Realizado pelo Serviço Nacional de Aprendizagem Comercial em Mato Grosso (Senac-MT), em parceria com o Serviço de Apoio às Micro e Pequenas Empresas do Estado de Mato Grosso (Sebrae-MT), o projeto percorre diferentes regiões do estado levando conteúdos estratégicos sobre comportamento do consumidor, experiência de compra e relacionamento com clientes.
A primeira parada será em Lucas do Rio Verde, no dia 3 de junho. Depois, o circuito segue para Alta Floresta, em 9 de junho, Colíder, no dia 11, e encerra a programação do mês em Água Boa, no dia 23. Em todas as cidades, a recepção ao público começa às 18h.
A partir das 19h30, o especialista em experiência do cliente Manoel Carlos Junior ministra a palestra “Atendimento que vende: como encantar o cliente dentro da loja”. O conteúdo apresenta estratégias para transformar o atendimento em diferencial competitivo, criando conexões com o consumidor e aumentando as oportunidades de fidelização e vendas.
Manoel Carlos Junior é curador e especialista em Customer Experience, além de autor dos livros “Experiencialize: os sete passos para transformar produtos e serviços em experiências” e “Experiencializando o Mundo: 40 histórias reais baseadas no método experiencialize”.
Na sequência, às 20h15, a empresária e business coach Uliana Ferreira conduz a palestra “Do direct ao Whatsapp: como atender e vender nos canais digitais”. A apresentação aborda técnicas para estruturar o atendimento online, fortalecer a comunicação digital e converter interações em vendas por meio das redes sociais e aplicativos de mensagens.

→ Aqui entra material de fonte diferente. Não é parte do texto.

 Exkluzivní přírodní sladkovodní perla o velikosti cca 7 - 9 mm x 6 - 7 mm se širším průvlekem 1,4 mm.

Uliana Ferreira é CEO do Grupo Dona, fundador do Instituto A Dona do Negócio e autora do livro best-seller “A Dona do Negócio”. A especialista atua com consultoria e aceleração de resultados para empresas e projetos de empreendedorismo feminino.

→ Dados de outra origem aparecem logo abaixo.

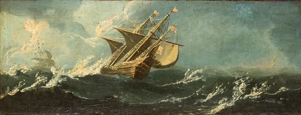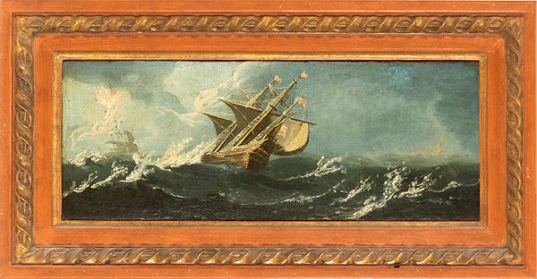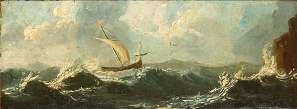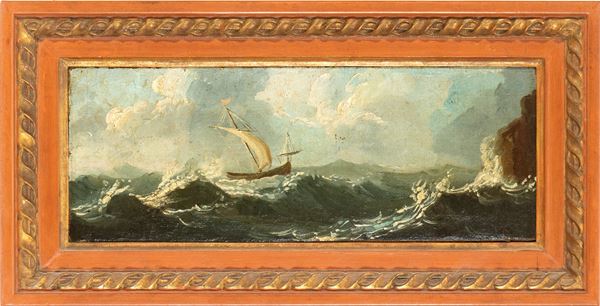 a) Sea storm with sailing ship; b) Stormy sea with boat. Pair of paintings

As inscrições são limitadas e podem ser feitas pela internet, na plataforma Sympla. Para participar, os interessados devem doar 5 quilos de alimentos não perecíveis no dia do evento. As arrecadações serão destinadas ao programa Sesc Mesa Brasil.
Serviço:
 
Evento Circuito do Varejo 2026
 
Inscrições: Ingresso solidário de 5 kg de alimentos não perecíveis
Lucas do Rio Verde
Data: 3 de junho, a partir das 18h
Local: Auditório Sebrae em Lucas do Rio Verde, Avenida Pará, 484-s –
Alvorada, Lucas do Rio Verde
Inscrições:  via Sympla (https://www.sympla.com.br/evento/circuito-do-varejo-2026—–edicao-lucas-do-rioverde/3412816)
Alta Floresta
Data: 9 de junho, a partir das 18h
Local: Teatro Agostinho Bizinotto – Centro Cultural, Travessa C-A, Alta Floresta
Inscrições: via Sympla (https://www.sympla.com.br/evento/circuito-do-varejo-2026—–edicao-altafloresta/3405873)
Colíder
Data: 11 de junho, a partir das 18h
Local: Auditório Amazonia ACIC – R. Luiz Aldori Neves Fernandes, 745 – Centro, Colíder
Inscrições: via Sympla (https://www.sympla.com.br/evento/circuito-do-varejo-2026—–edicaocolIder/3405768)
Água Boa
Data: 23 de junho, a partir das 18h
Local: Auditório da Associação Comercial de Água Boa (Aceab) – R. Nove, 338 – Centro, Água Boa
Inscrições: via Sympla (https://www.sympla.com.br/evento/circuito-do-varejo-2026—–edicao-aguaboa/3405939)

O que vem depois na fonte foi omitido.